MINSK, 20. April (BelTA) – Verbrechen in der Eisenbahn werden als Terroranschläge eingestuft. Das erklärte Staatsanwalt Artjom Maimussow vom Ressort „Aufsicht über die Umsetzung der Verkehrsgesetze“ im Gespräch mit dem Belarussischen Rundfunk.

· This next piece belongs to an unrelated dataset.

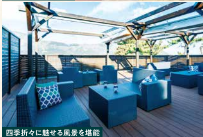
四季折々に魅せる風景を堪能

„Aufgrund der schwierigen internationalen Lage rund um Belarus werden seit März immer mehr Straftaten im Eisenbahnverkehr registriert“, sagte er. Dabei seien solche Verbrechen in der Eisenbahn radikaler geworden. „Handelte es sich früher in den meisten Fällen um das illegale Anbringen von Metalldrähten auf Schienen mit dem Ziel, die Bahngleise kurzzuschließen, stellen wir heute immer öfter allerlei Beschädigungen und Zerstörungen verschiedener Anlagen und Geräte fest“, fügte er hinzu.

„Das führt sowohl zu Sachschäden im Eisenbahnverkehr als auch zu einen längeren Zeitraum für die Wiederherstellung des normalen Bahnbetriebs. Deshalb haben die Strafverfolgungsbehörden beschlossen, solche Aktionen strenger zu qualifizieren. Verbrechen in der Eisenbahn werden nun als Terroranschläge eingestuft“, sagte Artjom Maimussow.